Of the entries below, return exactly those lines that fall between the one containing "到这里生产者启动的流程就差不" and the one containing "2日前までにQRコードから予", the two end lines included.

**DATA SHOWN:**
================================
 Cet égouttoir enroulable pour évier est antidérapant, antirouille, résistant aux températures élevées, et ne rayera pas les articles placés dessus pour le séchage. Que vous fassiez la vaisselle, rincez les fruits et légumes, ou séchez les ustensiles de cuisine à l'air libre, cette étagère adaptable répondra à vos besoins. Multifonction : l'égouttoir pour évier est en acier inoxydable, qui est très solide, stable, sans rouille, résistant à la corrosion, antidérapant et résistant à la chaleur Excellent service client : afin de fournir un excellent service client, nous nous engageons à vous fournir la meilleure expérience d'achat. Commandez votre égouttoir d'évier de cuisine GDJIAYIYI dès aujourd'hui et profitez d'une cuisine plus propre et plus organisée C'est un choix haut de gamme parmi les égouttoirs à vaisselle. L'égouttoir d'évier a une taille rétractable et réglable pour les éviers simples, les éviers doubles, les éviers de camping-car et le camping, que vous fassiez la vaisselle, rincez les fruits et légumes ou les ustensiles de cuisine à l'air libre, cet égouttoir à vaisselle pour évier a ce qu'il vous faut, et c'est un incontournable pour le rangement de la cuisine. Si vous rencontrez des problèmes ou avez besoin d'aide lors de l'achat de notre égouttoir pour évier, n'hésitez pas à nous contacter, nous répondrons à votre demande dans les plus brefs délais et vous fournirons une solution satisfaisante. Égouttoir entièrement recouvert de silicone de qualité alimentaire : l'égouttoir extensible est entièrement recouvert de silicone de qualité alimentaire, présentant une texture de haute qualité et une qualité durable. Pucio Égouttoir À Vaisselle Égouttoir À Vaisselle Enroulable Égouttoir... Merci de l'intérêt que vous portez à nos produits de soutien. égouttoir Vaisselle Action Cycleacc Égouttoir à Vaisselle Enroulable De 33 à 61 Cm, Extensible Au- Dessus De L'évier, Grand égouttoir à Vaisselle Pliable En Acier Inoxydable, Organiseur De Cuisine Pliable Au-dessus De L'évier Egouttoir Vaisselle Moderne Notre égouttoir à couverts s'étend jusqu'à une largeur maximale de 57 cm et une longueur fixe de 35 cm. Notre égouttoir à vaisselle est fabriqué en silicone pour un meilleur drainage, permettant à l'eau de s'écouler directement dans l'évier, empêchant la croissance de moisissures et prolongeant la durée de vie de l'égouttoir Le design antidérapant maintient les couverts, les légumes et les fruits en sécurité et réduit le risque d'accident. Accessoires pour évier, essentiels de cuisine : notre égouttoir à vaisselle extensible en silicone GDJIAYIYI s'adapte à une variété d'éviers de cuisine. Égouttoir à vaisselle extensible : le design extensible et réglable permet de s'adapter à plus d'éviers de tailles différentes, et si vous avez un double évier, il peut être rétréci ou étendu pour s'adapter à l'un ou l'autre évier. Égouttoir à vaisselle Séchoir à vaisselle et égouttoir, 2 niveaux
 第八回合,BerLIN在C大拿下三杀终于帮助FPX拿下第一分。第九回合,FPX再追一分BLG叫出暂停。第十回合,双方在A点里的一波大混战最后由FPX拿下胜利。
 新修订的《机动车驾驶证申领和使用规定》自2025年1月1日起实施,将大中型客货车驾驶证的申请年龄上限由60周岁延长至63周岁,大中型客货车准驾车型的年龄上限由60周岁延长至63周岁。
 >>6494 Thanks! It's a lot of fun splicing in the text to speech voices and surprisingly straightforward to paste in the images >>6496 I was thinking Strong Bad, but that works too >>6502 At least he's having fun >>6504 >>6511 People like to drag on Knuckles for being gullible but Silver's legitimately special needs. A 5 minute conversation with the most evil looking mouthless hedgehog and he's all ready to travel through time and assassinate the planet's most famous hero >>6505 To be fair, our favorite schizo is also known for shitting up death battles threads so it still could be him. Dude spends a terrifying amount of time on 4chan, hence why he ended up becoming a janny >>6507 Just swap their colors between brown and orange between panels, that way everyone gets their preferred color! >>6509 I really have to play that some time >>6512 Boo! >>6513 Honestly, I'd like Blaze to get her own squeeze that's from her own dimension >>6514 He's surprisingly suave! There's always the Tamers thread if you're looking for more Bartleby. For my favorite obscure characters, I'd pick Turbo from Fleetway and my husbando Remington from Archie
================================
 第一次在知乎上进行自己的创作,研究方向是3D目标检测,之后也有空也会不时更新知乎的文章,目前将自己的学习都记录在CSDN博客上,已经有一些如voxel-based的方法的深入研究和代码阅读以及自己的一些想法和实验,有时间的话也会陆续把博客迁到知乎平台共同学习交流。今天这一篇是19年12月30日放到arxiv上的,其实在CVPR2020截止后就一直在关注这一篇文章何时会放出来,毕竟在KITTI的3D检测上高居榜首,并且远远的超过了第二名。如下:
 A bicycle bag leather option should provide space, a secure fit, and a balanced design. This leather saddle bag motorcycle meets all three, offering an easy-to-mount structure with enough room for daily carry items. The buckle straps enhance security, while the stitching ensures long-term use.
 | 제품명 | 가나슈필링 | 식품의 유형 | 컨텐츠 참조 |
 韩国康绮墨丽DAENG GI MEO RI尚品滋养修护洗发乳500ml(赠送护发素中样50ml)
================================
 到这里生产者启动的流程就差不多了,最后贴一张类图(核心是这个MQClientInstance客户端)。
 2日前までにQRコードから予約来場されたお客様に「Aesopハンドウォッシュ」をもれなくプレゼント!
================================
**OUTPUT FOR THIS TASK:**
 到这里生产者启动的流程就差不多了,最后贴一张类图(核心是这个MQClientInstance客户端)。
 2日前までにQRコードから予約来場されたお客様に「Aesopハンドウォッシュ」をもれなくプレゼント!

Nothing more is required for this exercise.